Zverev ha ganado ahora el evento, que emigró de Londres a Turín, dos veces, acumulando 19 títulos en su carrera todavía bastante corta; también ganó el oro olímpico en Tokio. Cuando Zverev, enmarcado por fuegos artificiales y confeti, levantó el bote del manillar de la Liga de Campeones, no pasó directamente a la fiesta. En el tenis global, primero se deben completar casi una docena de entrevistas televisivas; así es como se llevó a cabo de una estación de televisión a otra. La pregunta más frecuente fue sobre el título de Grand Slam que faltaba. Quién quiere culpar a los moderadores; la discrepancia en la vita de Zverev es asombrosa. Prácticamente ha despejado todos los títulos importantes en dos series de victorias y derrotó a cada uno de los tres superjugadores Djokovic, Rafael Nadal y Roger Federer. 39-41 en este modo es su actuación más que respetable contra los diez mejores jugadores. Pero en los torneos de Grand Slam en tres sets ganadores, falló en los cuatro intentos, este año en las semifinales en París y Nueva York, justo detrás de Stefanos Tsitsipas y Djokovic.

En la televisión serbia, respondió breve y concisamente cuando se le preguntó si el primer título de Grand Slam se debía en 2022: «Eso espero». Tras las entrevistas televisivas, conoció, entre otros, a Paulo Dyballa, el delantero estrella argentino de la Juventus de Turín, en las catacumbas. Luego, Zverev grabó algunos videos divertidos con Tiktok y la estrella de Instagram Khaby Lame de una manera publicitaria efectiva.

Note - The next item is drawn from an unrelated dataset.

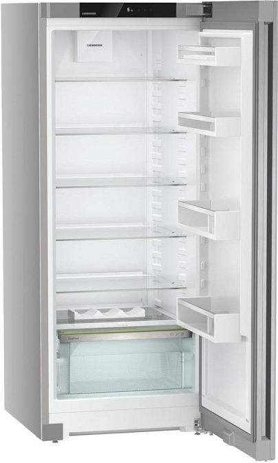 Холодильник Liebherr RSFD 4600 Pure, произведенный в Болгарии, является прекрасным примером высококачественной бытовой техники. Серия Pure и линейка BluPerformance отличаются превосходным исполнением и продуманным дизайном, что делает этот холодильник идеальным выбором для любой кухни. Дизайн холодильника выполнен в утонченном серебристом цвете, что придает ему современный и стильный вид. Материал корпуса — сталь, а дверь покрыта под нержавеющую сталь, что обеспечивает долговечность и надежность. Ручка двери скрыта, что добавляет элегантности внешнему виду. Дверной упор расположен справа, но при необходимости двери могут быть перевешены. Внутреннее пространство холодильника тщательно продумано для удобства использования. Система размораживания автоматическая, что существенно упрощает уход за устройством. Циркуляционное охлаждение PowerCooling и автоматический режим SuperCool обеспечивают быстрое и равномерное охлаждение продуктов. Вместительность холодильной камеры составляет 296 литров, что позволяет хранить большое количество продуктов. Холодильник оснащен шестью полками, пять из которых можно регулировать по высоте. Материал полок — стекло с металлической окантовкой, что обеспечивает их прочность и долговечность. Кроме того, в холодильнике есть отделение для бутылок, контейнер для фруктов и овощей, а также универсальная полка для бутылок. Управление холодильником осуществляется с помощью сенсорных кнопок и ЖК-дисплея, расположенных за дверью. Индикаторы позволяют контролировать включение питания, режим SuperCool, защиту от детей и температуру в холодильной камере.

El senegalés que vive en Italia se ha hecho millonario en muy poco tiempo con entretenidos videos sobre el sentido y el disparate de los llamados trucos de la vida. En tales cosas, Zverev se muestra irónico y cínico. El equipo del hermano Mischa también se divirtió mucho.

«Llamando a campeones del mundo de nuevo» Sobre el autor

Jannik Schneider es periodista independiente e informa sobre tenis, dopaje y política deportiva y salud mental, entre otras cosas. También informa desde Turín a diario en su Ventaja del podcast.

Antes de regresar al hotel para más celebraciones, Zverev acudió a la rueda de prensa oficial. «Ahora puedo volver a llamarme campeón del mundo. Es increíble», dijo después de colocar con orgullo el trofeo en el escritorio frente a él. Según Zverev, el plan de partido se ha vuelto obvio para todos. «Quería jugar lo más agresivamente posible hoy», dijo Zverev. Después de la estrecha derrota contra Medvedev en la ronda preliminar, el hermano Misha había indicado que su protegido había tardado demasiado en entrar en el juego. El domingo, después de cinco derrotas seguidas contra Medvedev, Zverev cambió la narrativa a su favor.

A pesar del éxito, la fatiga física de Zverev, pero sobre todo mental, fue notable. No cree que sea una pena que la temporada haya terminado para él ahora. «Cero, ni un poco», explicó con un tono irónico, solo para añadir alivio. «Estoy deseando que lleguen las vacaciones». Zverev ya había cancelado su participación en la final reformada de la Copa Davis el fin de semana en Innsbruck debido a la larga temporada.

Hoy, lunes, Zverev vuela a las Maldivas con amigos y novia, Sophia Thomalla. «Seguro que haremos muchas tonterías, pero no te preocupes, nada peligroso», dijo. En 2022 quiere atacar los grandes torneos, así que vuelva a ponerse en forma durante el descanso. En el nuevo año finalmente debería funcionar con el ansiado título principal. «Solo puedo decir una cosa. Haré lo que me pidan y lo que esté en mi poder y me desgarraré el culo para que suceda en 2022. No puedo influir en nada más».